● **YOUR OBJECTIVE**: Would you output all the lines below precisely as they stand, leaving each picture out?

● **DATA SHOWN**:
□ □ □

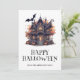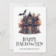 Carte d'Halloween avec une maison hantée, citrouilles et chauves-souris. Personnalisez facilement cette carte d'Halloween aquarelle avec votre nom de famille et votre texte.
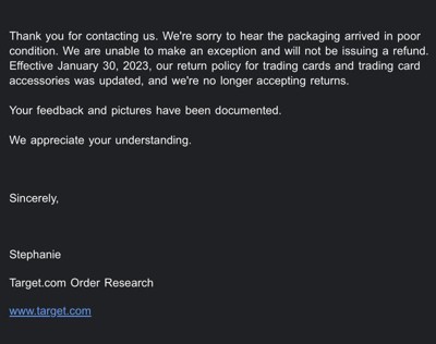 Target ships with 0 protective padding and all my products arrived mangled and damaged. Support offered 0 remorse or willingness to help the situation. Will never order cards from target again.
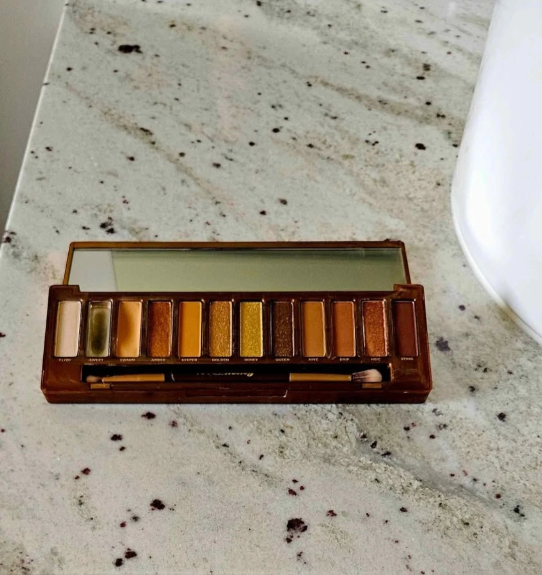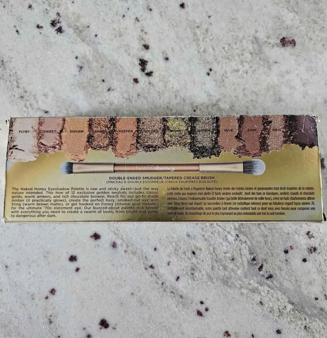 Urban Decay Naked Honey Eyeshadow Palette. Includes 12 exclusive golden neutrals. Comes with a double-ended brush. ('Sweet' eyeshadow broke so it's missing from the palette.)
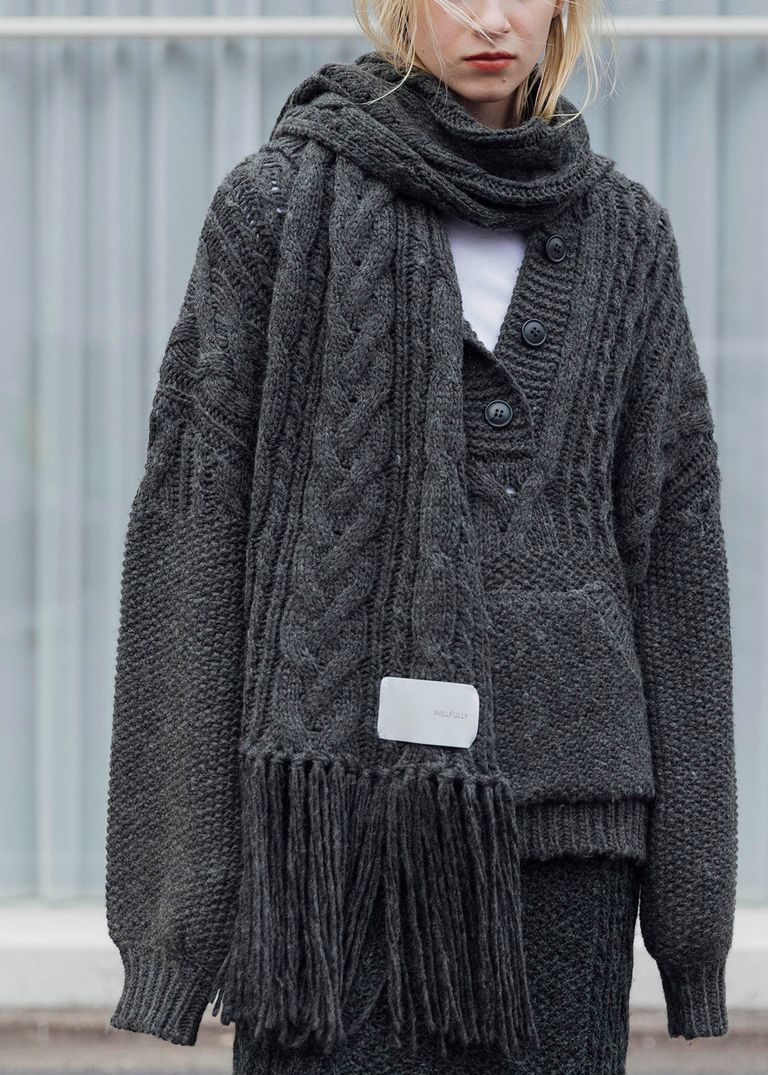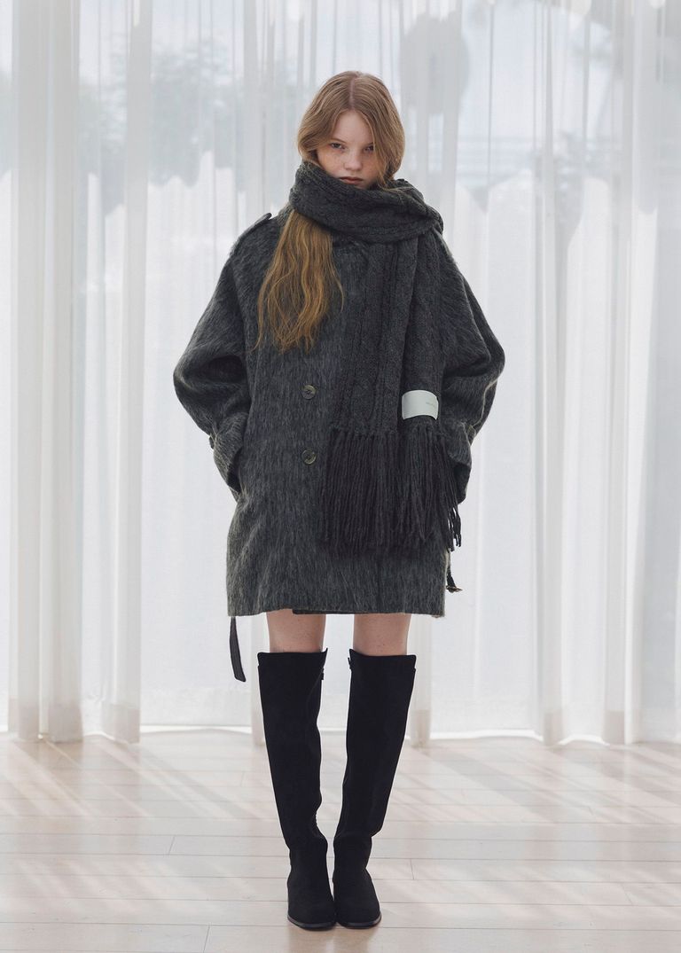 coarse knit cable fringe muffler / フリンジケーブルニットマフラー (チャコール) / 25AW

□ □ □

● **THE COMPLETED TASK**:
 Carte d'Halloween avec une maison hantée, citrouilles et chauves-souris. Personnalisez facilement cette carte d'Halloween aquarelle avec votre nom de famille et votre texte.
 Target ships with 0 protective padding and all my products arrived mangled and damaged. Support offered 0 remorse or willingness to help the situation. Will never order cards from target again.
 Urban Decay Naked Honey Eyeshadow Palette. Includes 12 exclusive golden neutrals. Comes with a double-ended brush. ('Sweet' eyeshadow broke so it's missing from the palette.)
 coarse knit cable fringe muffler / フリンジケーブルニットマフラー (チャコール) / 25AW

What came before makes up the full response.